Among the 33 patients treated in the RP2D efficacy cohort, 42.4% achieved a ≥50% decline in PSA levels, indicating robust biological activity. The median radiographic progression-free survival (rPFS) was 7.9 months, with over 21% of participants remaining on therapy at the time of analysis.

These early data suggest that treatment with pasritamig leads to durable disease control and may achieve outcomes comparable to or better than historical benchmarks in patients who have exhausted multiple prior therapies.

Clinical Context and Unmet Needs

Metastatic castration-resistant prostate cancer remains a difficult-to-treat stage of disease, with many patients eventually progressing after standard hormonal agents, chemotherapy, or targeted radionuclide therapy. Reported overall survival for this patient group typically ranges between 13.5 and 31.6 months, shorter for those with resistant disease, highlighting the need for new, safer, and more selective immunotherapies.

About Pasritamig (JNJ-78278343)

Pasritamig is an investigational bispecific antibody created to bind both KLK2 on prostate tumor cells and CD3 on T-cells, redirecting the immune response against cancer-specific targets. By focusing on a highly prostate-restricted antigen, pasritamig seeks to expand the benefits of T-cell–engaging immunotherapy to men with advanced prostate cancer, potentially transforming the treatment landscape for late-line mCRPC.
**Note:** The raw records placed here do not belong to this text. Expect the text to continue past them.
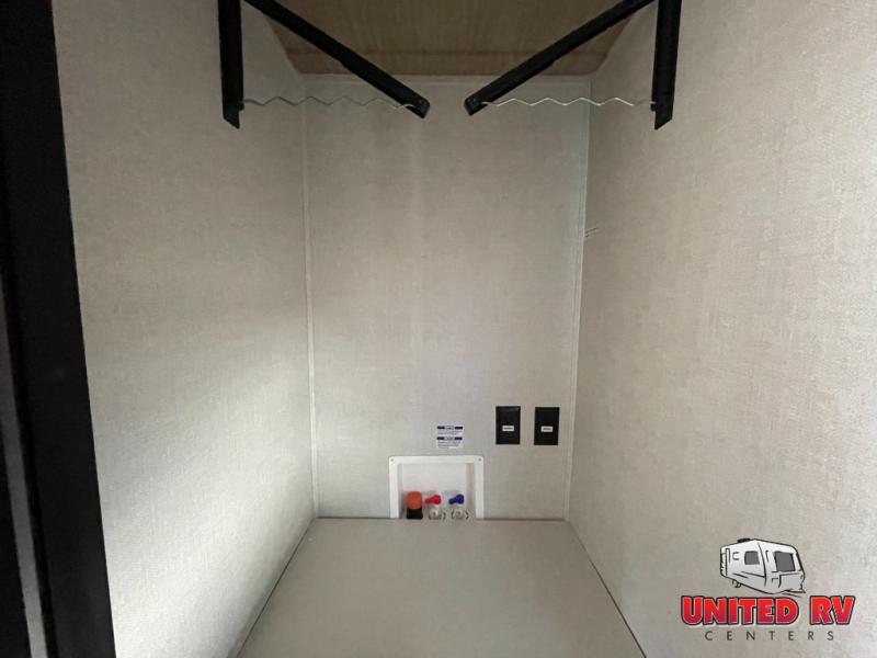 Escape to the great outdoors in this Vibe travel trailer. Once you arrive at your campsite, set up the 20' patio awning, then grab the fishing poles from the large pass-through storage. You can make lunch on the 3-in-1 convection oven, and your food can be stored in the 10.7 cu. ft. 12V refrigerator. The spacious full bath includes walk-in shower with a seat to clean up every day, and there is a linen closet to store clean towels and necessities. The front private bedroom includes a custom king bed with generous storage space, plus washer and dryer prep if you choose to add those appliances!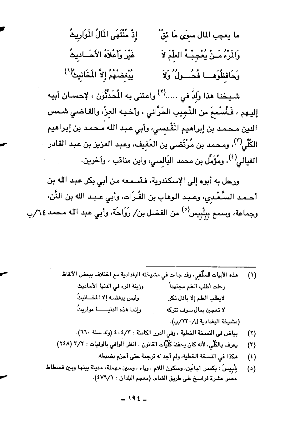 شيخنا هذا ولد في.. .. واعتنى به المحدثون، لإحسان أبيه إليهم، فأسمع من النجيب الحراني، وأخيه العز، والقاضي شمس الدين محمد بن إبراهيم المقدسي، وأبي عبد الله محمد بن إبراهيم الكلي، ومحمد بن مرتضى بن العفيف، وعبد العزيز بن عبد القادر الغيالي، ومؤمل بن محمد البالسي، وابن مناقب، وآخرين.
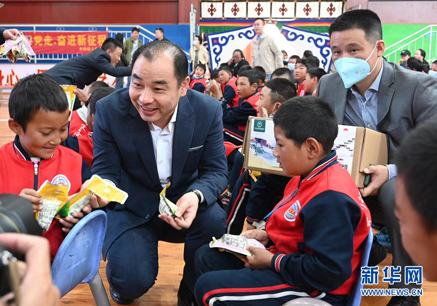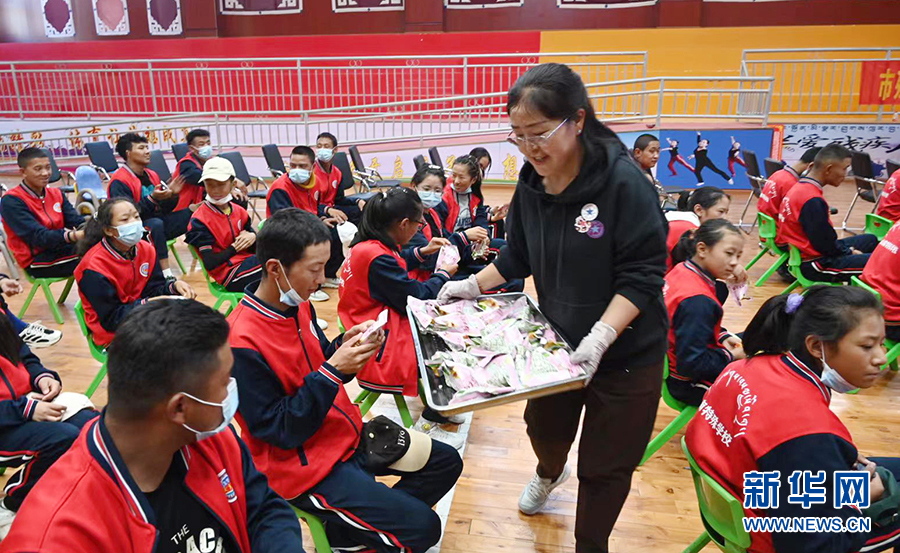6月3日,在西藏山南市特教學校,安徽岸香集團董事長黃保鎖為(wei) 孩子們(men) 分發粽子。新華網發(許國 攝)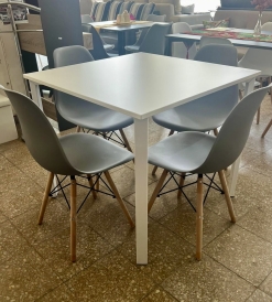 Juego Mesa Milano Blanca 0.85 x 0.85 + 4 Sillas Eames Grises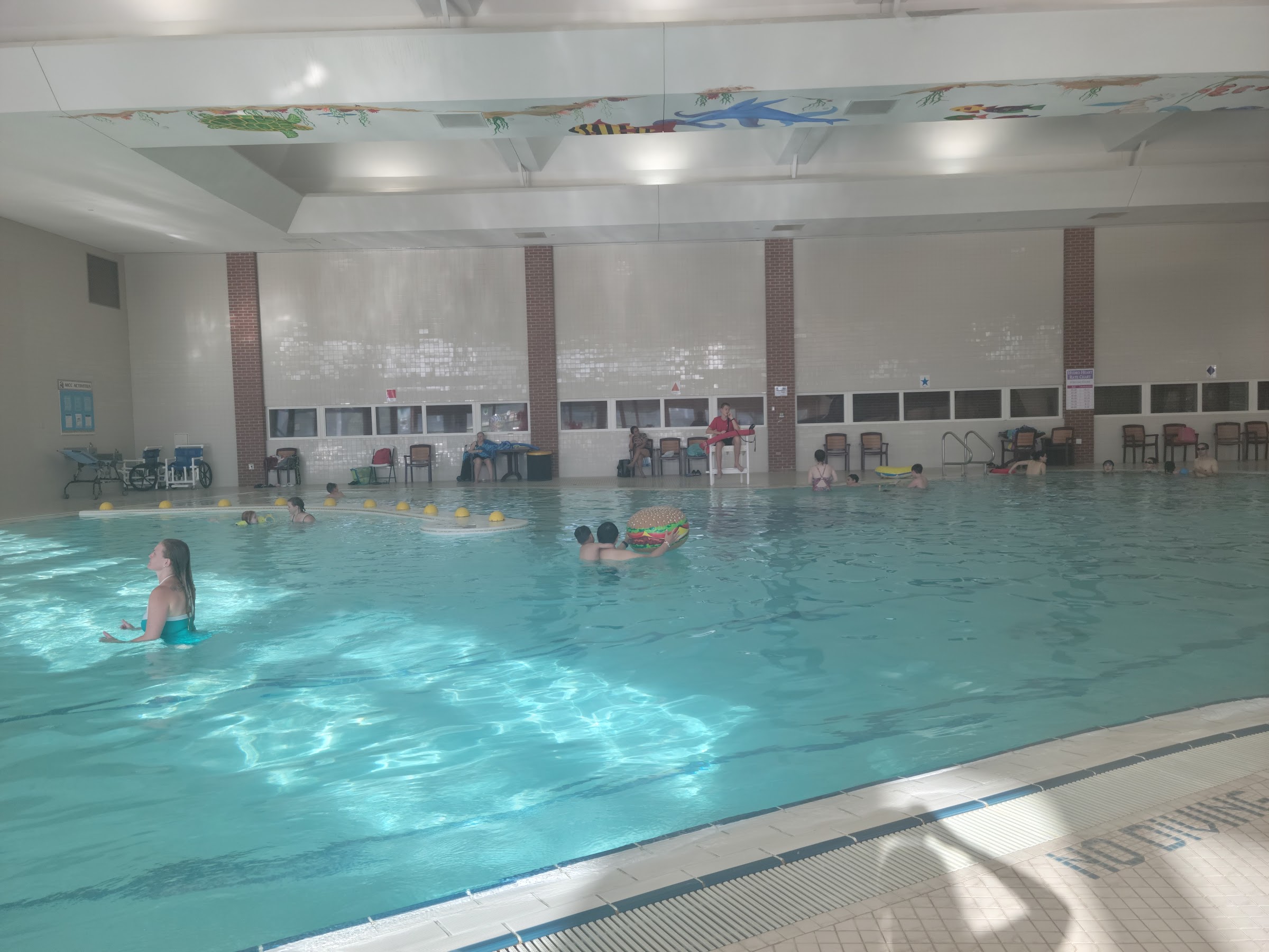 The center's aquatic facilities include a Warm Water Pool, generally maintained at 90-92°F for therapy and lessons, and a Lap Pool, typically kept at 80-82°F for lap swimming and water fitness activities.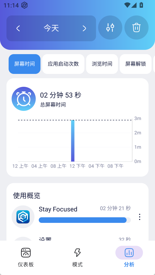 3、【分析】界面可以查看各个应用的使用时长统计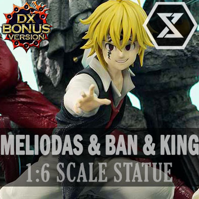 - Seven Deadly Sins-themed base - Two (2) Swappable Head parts for Meliodas (Normal and Smile) - Three (3) Swappable Head parts for King (Normal, Angry and Smile) - Three (3) Swappable Head parts for Ban (Normal, Tongue and Smile)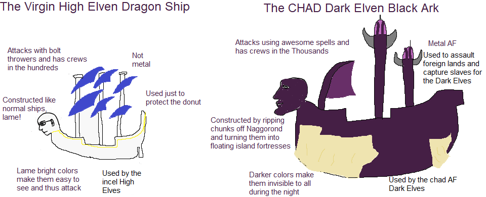 >>50528595 Пчел, в армибуке прямо написано, что во время гражданки заклинатели тёмных эльфов буквально откололи свои прибрежные замки от бублика, и так появились первые чёрные ковчеги. Держатся на плаву они буквально при помощи магии, с нарушением всез законов физики.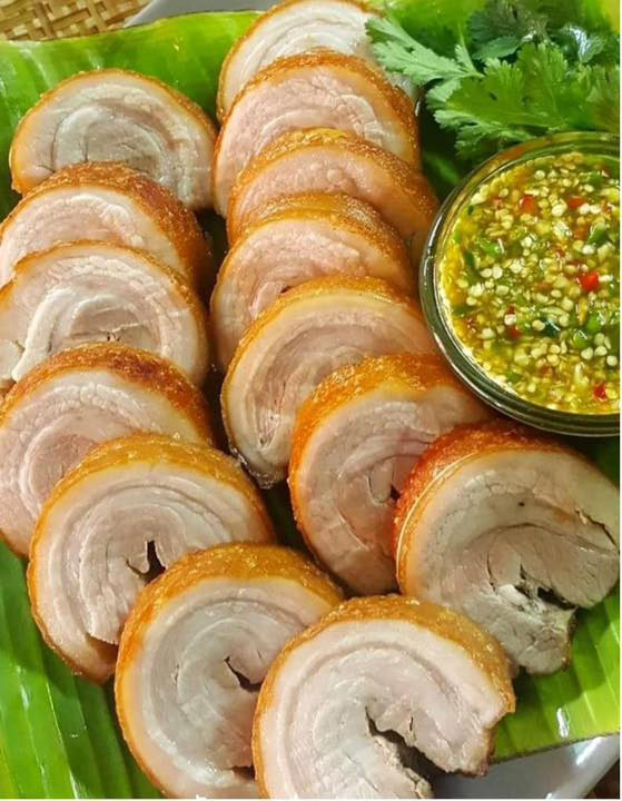 5 น้ำหมูสามชั้นที่ตากแดดแล้วมาทอดให้หนังกรอบ พอหมูสุกเหลืองแล้วนำขึ้นมา หั่นให้เป็นแว่นๆ เหมือนหมูชาชู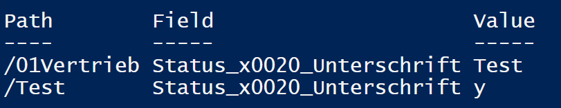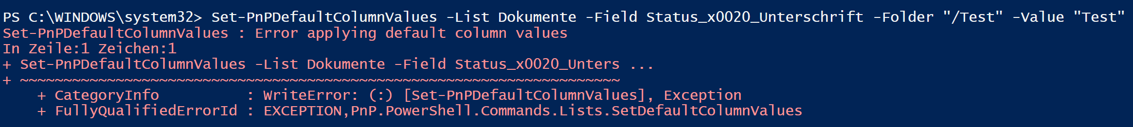 Set-PnPDefaultColumnValues -List Dokumente -Field Status_x0020_Unterschrift -Folder "Test" -Value "Test"

Novartis Real-World Data Supports Earlier Lutetium Lu 177 Vipivotide Tetraxetan Use in Prostate Cancer Before Chemotherapy

Recent U.S. real-world studies from Novartis' PRECISION platform highlight the effectiveness of lutetium Lu 177 vipivotide tetraxetan (Pluvicto) in PSMA-positive metastatic castration-resistant prostate cancer (mCRPC), particularly in chemotherapy-naïve patients.

Among 500 taxane-naïve mCRPC patients previously treated with at least one androgen receptor pathway inhibitor (ARPI), median progression-free survival (PFS) reached 13.5 months.

Key Efficacy Findings

Patients receiving the radioligand therapy after just one ARPI achieved superior outcomes, with median PFS of 15.8 months, compared to 12.7 months for those post-multiple ARPIs. PSA50 response rates remained consistently high across cohorts at 62.6% overall, 61.4% for single ARPI, and 63.8% for multiple ARPIs.